RE: Unexpected behavior when sorting groups

Posted by Tony Paloma <to...@valvesoftware.com>.
Thanks Paul. That's helpful. I'm not familiar with the concept of custom caches. Would this be custom Java code or something defined in the config/schema? Can you point me to some documentation?

Another workaround I was thinking of using was making two Solr queries when wanting to sort groups by price desc. One to get the number of total groups and then another that gets groups sorted by price asc starting from ngroups - (start+rows) and then just flip the ordering to fake sorting by min(price) desc, but I was worried about the performance implications of that.

SOLR-2072 has a similar request.
https://issues.apache.org/jira/browse/SOLR-2072

Bryan's comment is exactly what I'm looking for:
> I would like to able to use sort and group.sort together such that the group.sort is applied with in the group first and the first document of each group is then used as the representative document to perform the overall sorting of groups.

The latest comment there suggests that it's a bug in distributed mode, but I don't think that's the case since I'm only using one instance of Solr with no sharding or anything. 
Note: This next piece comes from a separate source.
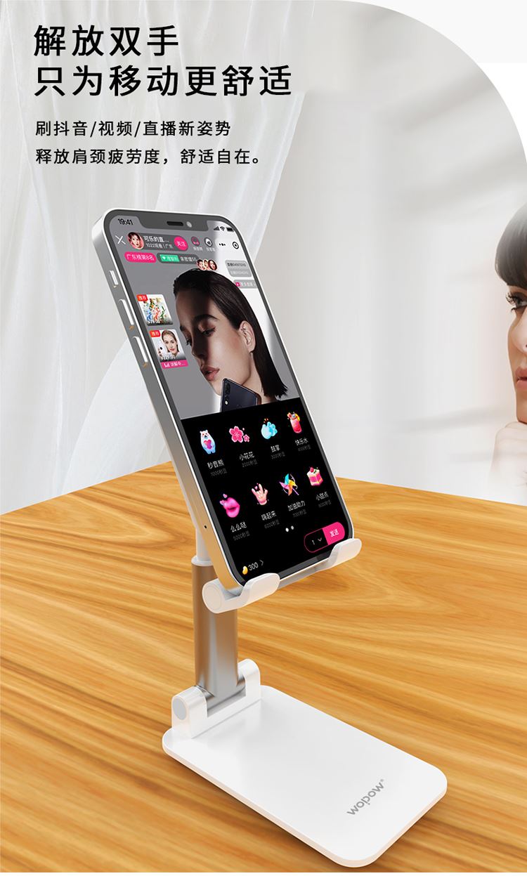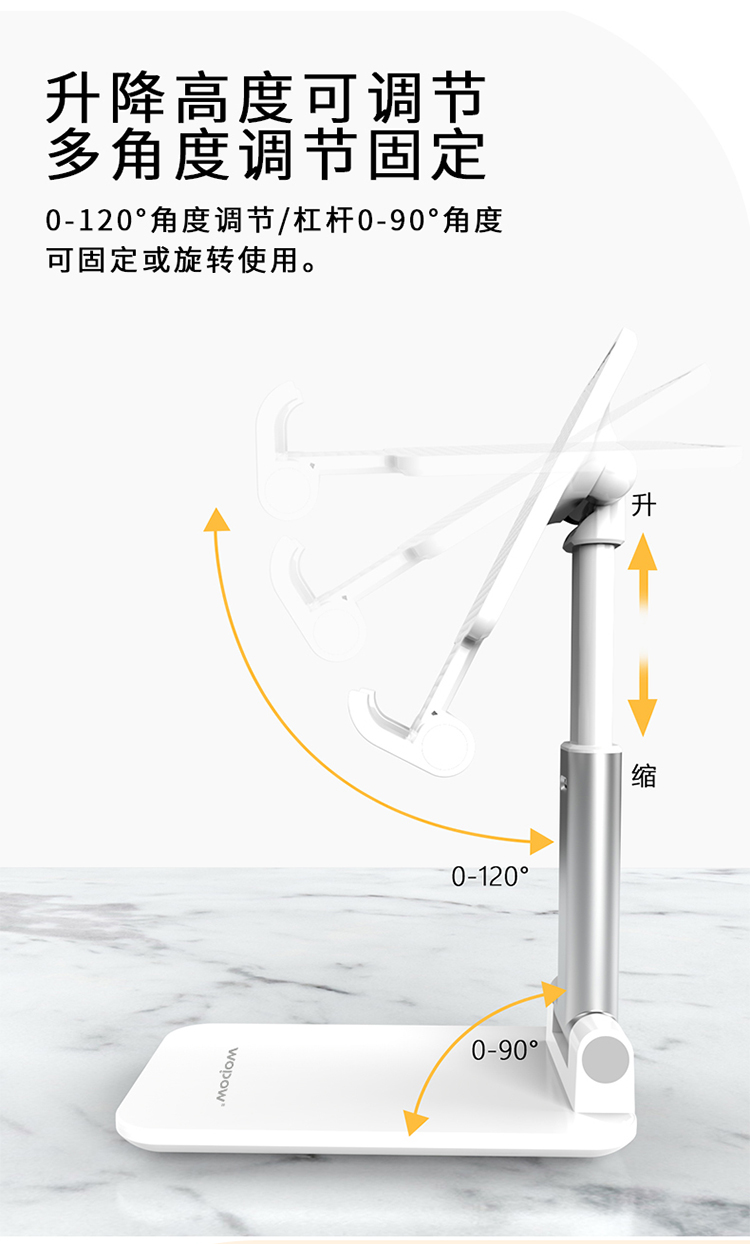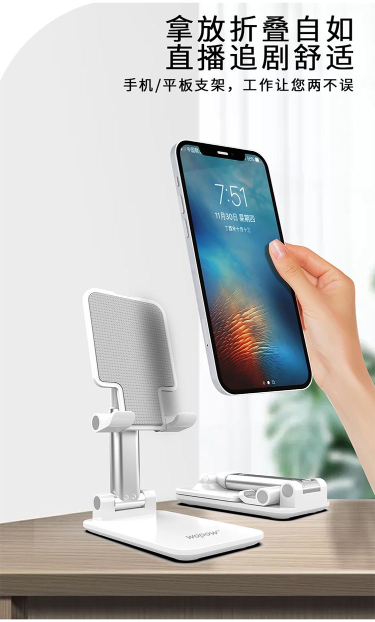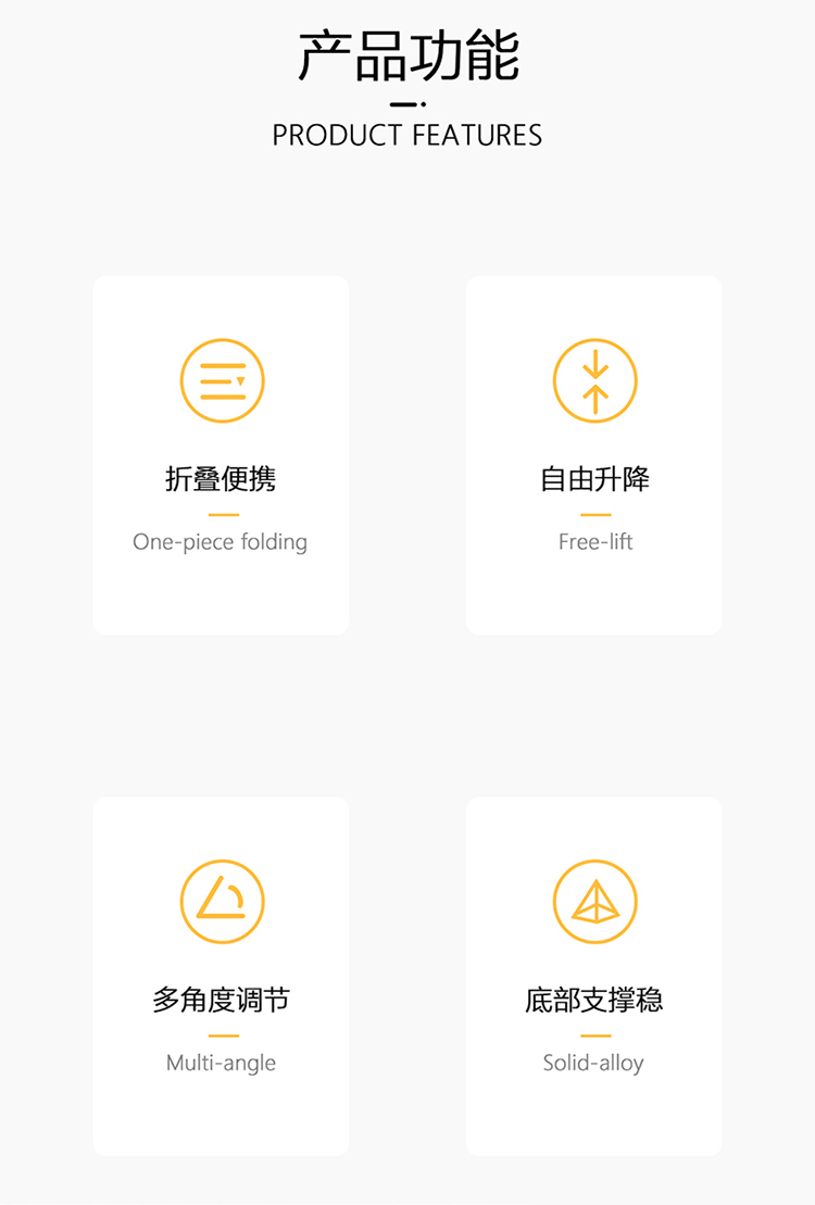 产品尺寸:11*6.6*2.6cm 包装尺寸:27.4*111.5*69mm 产品重量:100g 颜色:白色 材质:ABS+硅胶防滑垫+EVA 可折叠方便携带 多角度调节 自由升降 支撑力大,金属质感 硅胶垫防滑垫

-----Original Message-----
From: Paul Masurel [mailto:paul.masurel@gmail.com] 
Sent: Sunday, August 04, 2013 2:54 PM
To: solr-user@lucene.apache.org
Subject: Re: Unexpected behavior when sorting groups

Dear Tony,

The behavior you described is correct, and what you are requiring is impossible with Solr as it is.

I wouldn't however say it is a limitation of Solr : your problem is actually difficult and require some preprocessing.

One solution if it is feasible for you is to precompute the lowest price of your groups beforehands and add a field to all of the document of your group.

The other way to address your problem is to do that within Solr.
This can be done by adding a custom cache holding these values.
You can implement the computation of the min price in the warm method.

You can then add a custom function to return the result stored in this cache. Function values can be used for sorting.

If if does not exist yet, you may open a ticket. I will try and get authorization to opensource a solution for this.

Regards,

Paul




On Sat, Aug 3, 2013 at 12:00 AM, Tony Paloma <to...@valvesoftware.com>wrote:

> I'm using field collapsing to group documents by a single field and 
> have run into something unexpected with how sorting of the groups 
> works. Right now I have each group return one document. The documents 
> within each group are sorted by a field ("price") in ascending order 
> using group.sort so that the document returned for each group in the 
> search results is the cheapest document of the group. If I sort the 
> groups amongst themselves using sort=price asc, I get what I expect 
> with groups having documents whose lowest price value is low show 
> first and groups having documents whose lowest price value is high show last.
>
> If I change this to sort on price desc, what happens is not what I 
> would expect. I would like the groups to be returned in reverse order 
> from what happened when sorting by price asc. Instead, what happens is 
> the groups are sorted in descending order according to the highest 
> priced document in each group. I want groups to be sorted in 
> descending order according to the lowest priced document in each group, but it appears this is not possible.
> In other words, it appears sorting when groups are involved is limited 
> to either MAX([field]) DESC or MIN([field]) ASC. The other two 
> combinations are not possible. Does anyone know whether or not this is 
> in fact impossible, and if not, how I might put in a feature request?
>



--
______________________________________________

 Masurel Paul
 e-mail: paul.masurel@gmail.com

Re: Unexpected behavior when sorting groups

Posted by Paul Masurel <pa...@gmail.com>.
Dear Tony,

The behavior you described is correct, and what you are requiring
is impossible with Solr as it is.

I wouldn't however say it is a limitation of Solr : your problem is actually
difficult and require some preprocessing.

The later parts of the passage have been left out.